Создание Петровского парка принадлежит также нашему времени. Если вы, любезные читатели, не забыли мою прогулку в Марьину рощу, то, вероятно, вспомните также, что я намерен был проехать из нее в парк, для того чтоб в один и тот же день взглянуть на два общества, совершенно различные между собою. «Давно ли, — думал я, подъезжая к этому любимому гулянью московской аристократии, — давно ли было здесь чистое поле, на котором не росло ни одного деревца, не красовалось ни одного домика: направо — однообразное и бесконечное Ходынское поле, налево — продолжение того же поля, песчаная земля, глиняные копи, кое-где ряды с тощей зеленью и несколько лачужек, в которых жили огородники, — вот все, что представлялось вашим взорам, когда вы, миновав Петровский дворец, прекрасное здание мавританской архитектуры, переделанной на европейские нравы, продолжали ехать к Тверской заставе». А теперь!.. Посмотрите, каким роскошным ковром раскинулся этот веселый парк, как разбегаются во все стороны его широкие, укатанные дороги, с каким изящным вкусом разбросаны его рощи, опушенные цветами и благовонным кустарником, какой свежей и яркой зеленью покрыты его обширные поляны, как мил и живописен этот небольшой пруд со своими покатыми берегами и прелестными мостиками! А это тройное шоссе с двумя бульварами, обставленное с обеих сторон загородными домами, которые, начинаясь от заставы, тянутся до самого парка, эти дачи, которые обхватили такой разнообразной и красивой цепью строений большую часть парка, эти чистые и веселые домики, которые столпились кругом дворца, этот игрушка летний театр со своим греческим портиком и огромный воксал со всеми своими затеями, — лет десять тому назад обо всем этом и речи не было.

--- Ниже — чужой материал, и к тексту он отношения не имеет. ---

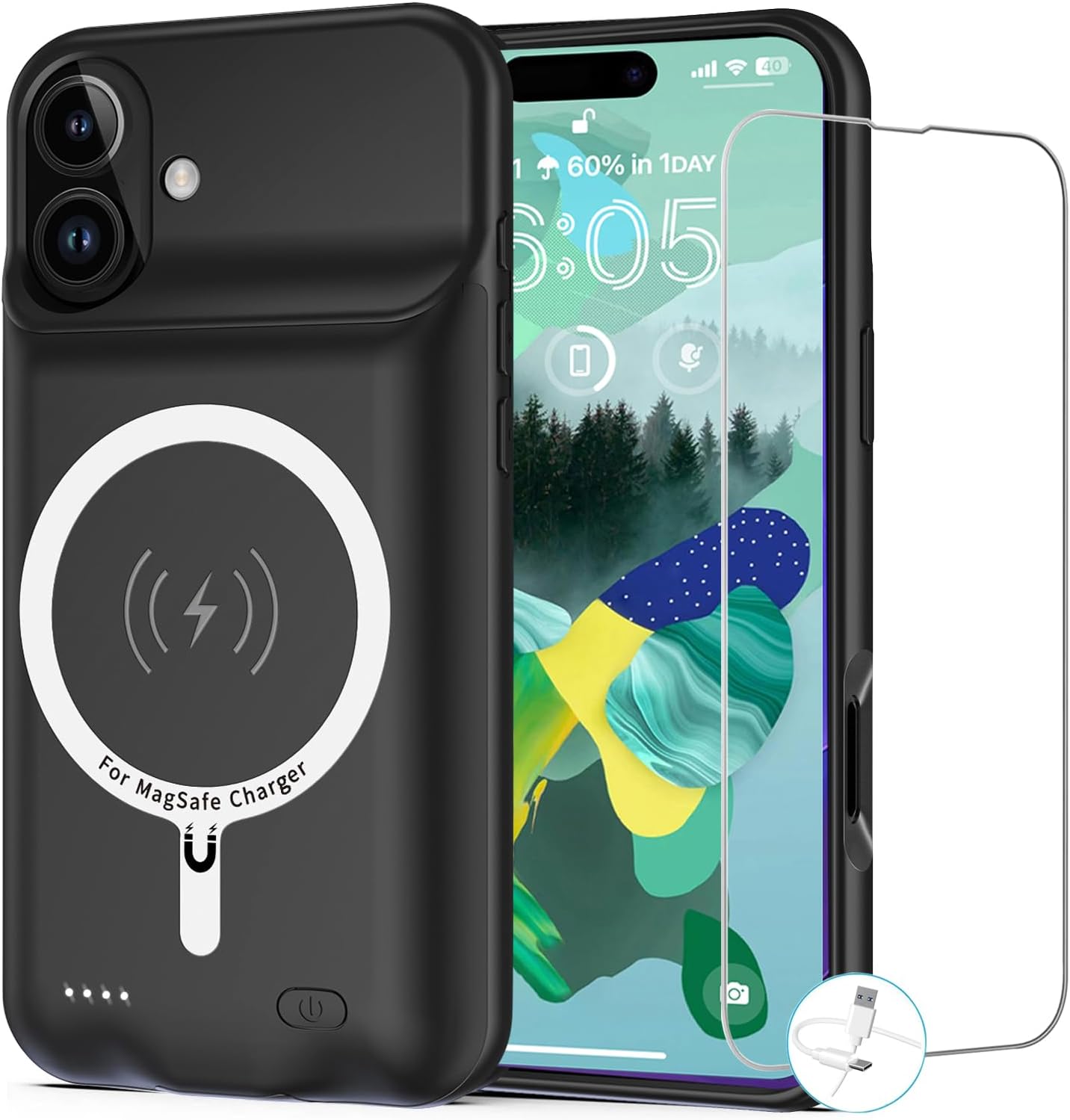 Kindly Note: 1. Full protection to corners and sides, protecting your iPhone from drops and impacts. Note: not including protect phone screen. 2. Premium battery cells are used to ensure power, safety and reliability. 3. The battery case is only for iPhone 16 Pro, Other models are not supported. 4. When connecting the Charging cable to the battery case with the phone, the phone will charge first, and when the phone is fully charged, the battery case will be charged. 5. The battery case supports wireless charging. 6. Smart battery case intelligently stops charging when your iPhone power is 100%. 7. 100% support CarPlay and car charger and wireless charging. How to use: 1. Bend the top of the product to completely put the phone into the battery case. 2. Press the power button of the battery case, and it will start charging your iPhone 16 Pro. 3. Press the power button again, the charging case will stop charging. Product specifications: 1. Input: 5V/1A 2. Out put: 5V/1A 3. Capacity: 10000mAh 4. Sleek, Low-Profile design; Rechargeable up to 1000 times Package Included: 1 x Battery Case 1 x Tempered Glass Screen Protector 1 x User Manual 1 x Charging cable

При самом въезде в парк я должен был сойти с дрожек, потому что мимо воксала было каретное гулянье, в котором смиренному экипажу в одну лошадь не дозволяется участвовать. Я пошел пешком по широкому тротуару, минуты через три попал в толпу гуляющих и, пройдя несколько шагов, остановился, чтоб взглянуть сначала на горы, а потом на круглые и висячие качели и разные другие детские забавы, которые подчас забавляют и людей пожилых. Я удостоверился в этом, глядя на одного человека лет тридцати. Куря весьма важно свою сигару, он сидел на деревянном коне, который то опускался, то подымался на своей гибкой перекладине. Признаюсь, я почти позавидовал стоическому спокойствию и совершенному равнодушию, с которым этот пожилой дитя поглядывал на толпу любопытных зрителей, несмотря на то что многие из них указывали на него пальцами и смеялись. Миновав воксал, огромное и красивое здание, — право, не знаю, какой архитектуры, — я дошел до небольшой рощи, в которой играла музыка. Вдоль по опушке этой рощи в открытых беседках, построенных простыми навесами, сидели по большей части дамы, только уже вовсе не похожие на тех, которых я видел в Марьиной роще. Я нашел в одной из этих беседок порожний стул, сел на него и очень обрадовался, когда узнал в моем соседе с левой стороны того самого словоохотливого камергера, с которым я провел вечер на балу у Андрея Николаевича Радушина. Мы тотчас возобновили наше знакомство.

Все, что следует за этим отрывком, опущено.